= Chemical tests in mushroom identification =

Chemical tests used to identify mushrooms

Chemical tests in mushroom identification are methods that aid in determining the variety of some fungi. The most useful tests are Melzer's reagent and potassium hydroxide.

== Ammonia ==

Household ammonia can be used. A couple of drops are placed on the flesh. For example, Boletus spadiceus gives a fleeting blue to blue-green reaction.

== Iron salts ==

Iron salts are used commonly in Russula and Bolete identification. It is best to dissolve the salts in water (typically a 10% solution) and then apply to the flesh, but it is sometimes possible to apply the dry salts directly to see a color change. For example, the white flesh of Boletus chrysenteron stains lemon-yellow or olive. Three results are expected with the iron salts tests: no change indicates a negative reaction; a color change to olive, green or blackish green; or a color change to reddish-pink.

== Meixner test for amatoxins ==

The Meixner test (also known as the Wieland test) uses concentrated hydrochloric acid and newspaper to test for the deadly amatoxins found in some species of Amanita, Lepiota, and Galerina.
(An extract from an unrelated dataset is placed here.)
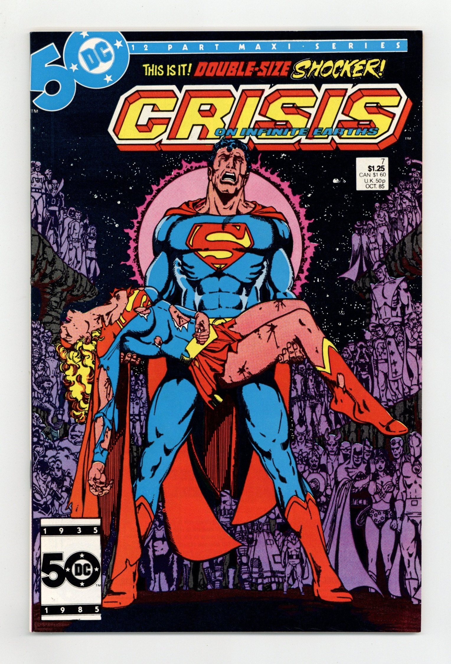 Tags: Crisis on Infinite Earths (part 7)$10.50Direct Edition. "Beyond the Silent Night!" Written by Marv Wolfman. Art by George Perez, Dick Giordano, and Jerry Ordway. At last the origins of the most mysterious players in this story are revealed. Learn the secret pasts of Pariah, and why he is destined to witness world after world die, the tragic past of Harbinger, the mysterious Monitor, and evil incarnate, the Anti-Monitor. Plus, in order to stop the Anti-Monitor from destroying the last remaining Earths in the multiverse, a cadre of the DCU's most powerful heroes mount an all out assault on the villain's stronghold in the dangerous Anti-Matter Universe. It is a task not everyone will survive. Featuring the heroic and tragic death of Supergirl. Cover price $1.25.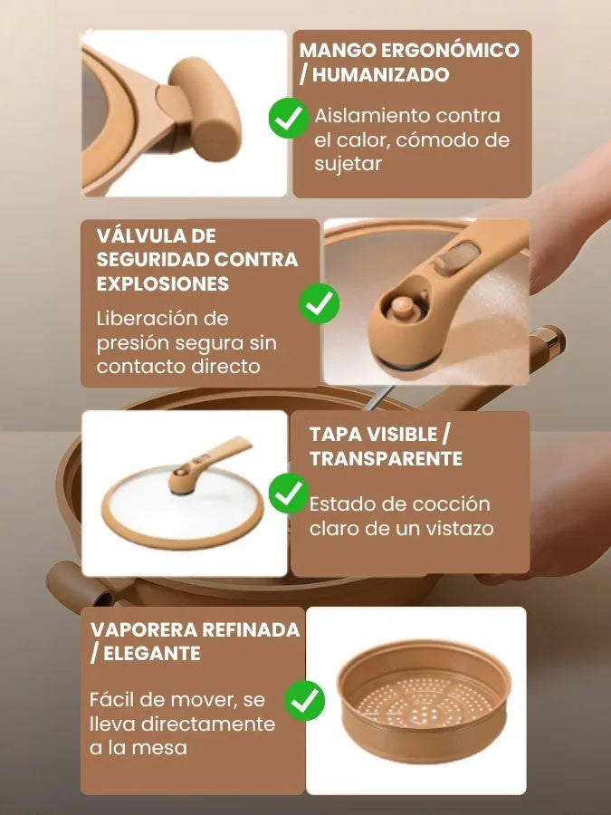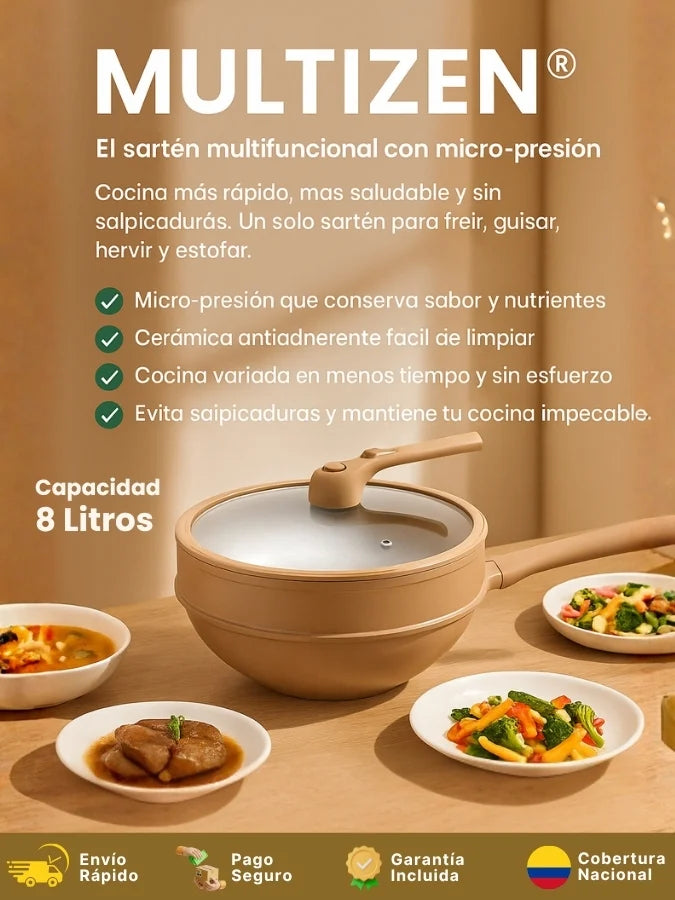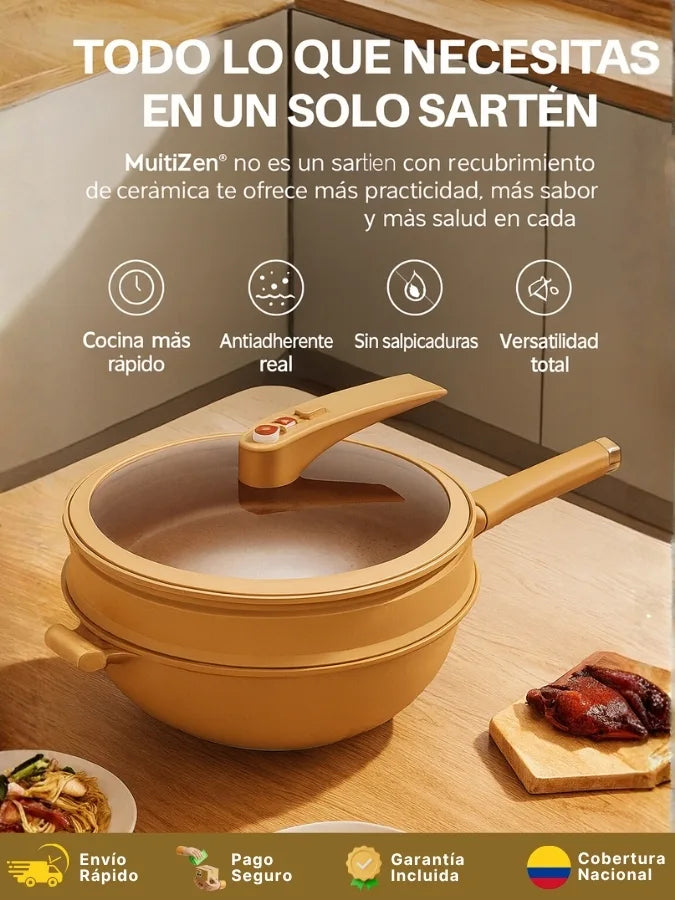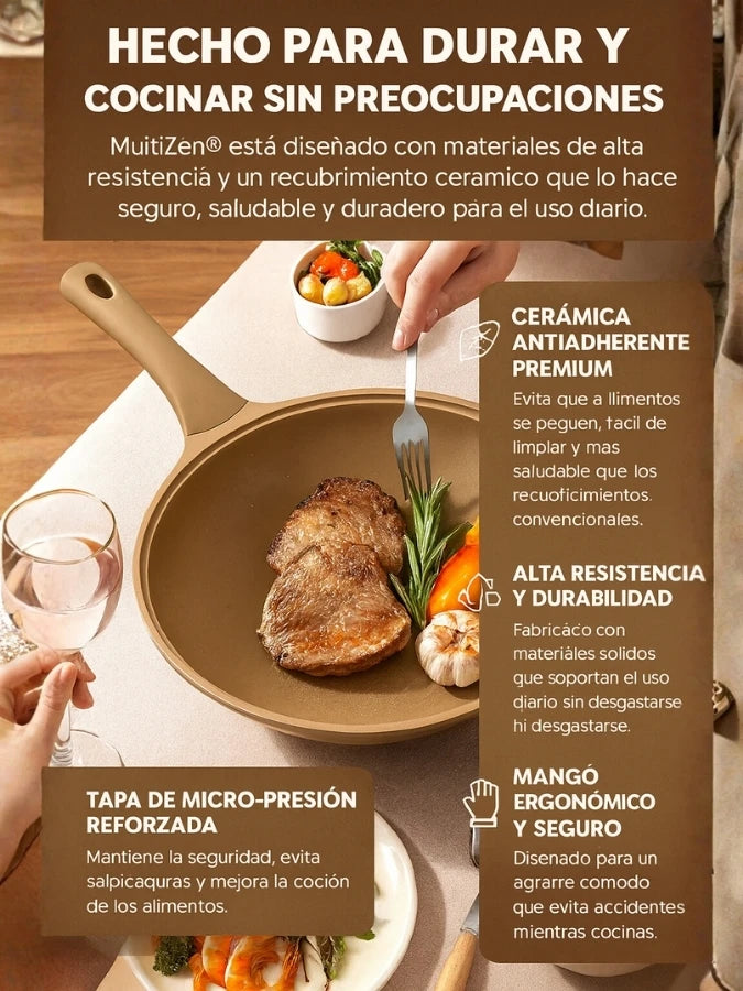 MultiZen® está fabricado con materiales de alta resistencia y un recubrimiento cerámico antiadherente premium, libre de tóxicos y seguro para la salud.

The test yields false positives for some compounds, such as psilocin.

== Melzer's reagent ==

Melzer's reagent can be used to test whether spores are amyloid, nonamyloid, or dextrinoid.

- Spores that stain bluish-gray to bluish-black are amyloid
- Spores that stain brown to reddish-brown are dextrinoid

This test is normally performed on white spored mushrooms. If the spores are not light colored, a change will not be readily apparent. It is easiest to see the color change under a microscope, but it is possible to see it with the naked eye with a good spore print.

== Paradimethylaminobenzaldehyde ==

In the genus Lyophyllum the lamellae usually turn blue with the application of para-Dimethylaminobenzaldehyde (PDAB or pDAB).

== Phenol ==

A 2–3% aqueous solution of phenol gives a color change in some species when applied to the cap or stem.

== Potassium hydroxide ==

A 3–10% solution of potassium hydroxide (KOH) gives a color change in some species of mushrooms:
- In Agaricus, some species such as A. xanthodermus turn yellow with KOH, many have no reaction, and A. subrutilescens turns green.
- Distinctive change occurs for some species of Cortinarius and Boletes

== Schaeffer reaction ==

Developed by Julius Schäffer to help with the identification of Agaricus species. A positive reaction of Schaeffer's test, which uses the reaction of aniline and nitric acid on the surface of the mushroom, is indicated by an orange to red color; it is characteristic of species in the section Flavescentes. The compounds responsible for the reaction were named schaefferal A and B to honor Schäffer.

Two intersecting lines are drawn on the surface of the cap, the first with aniline or aniline water, the second with an aqueous solution of 65% nitric acid. The test is considered positive when a bright orange color forms where the lines cross.

Agaricus placomyces and Agaricus xanthodermus produce false negative reactions.

Sometimes referred to as "Schaeffer's reaction", "Schaeffer's cross reaction" or "Schaeffer's test".

== Aniline + acid(s) ==
Kerrigan's 2016 Agaricus of North America P45:
(Referring to Schaffer's reaction) "In fact I recommend switching to the following modified test. Frank (1988) developed an alternative formulation in which aniline oil is combined with glacial acetic acid (GAA, essentially distilled vinegar) in a 50:50 solution. GAA is a much safer, less reactive acid. This single combined reagent is relatively stable over time. A single spot or line applied to the pileus (or other surface). In my experience the newer formulation works as well as Schaffer's while being safer and more convenient."

== Sulfo-vanillin ==

Made from sulfuric acid (H_{2}SO_{4}) and vanillin (vanilla). Used in Russula and Panaeolus identification.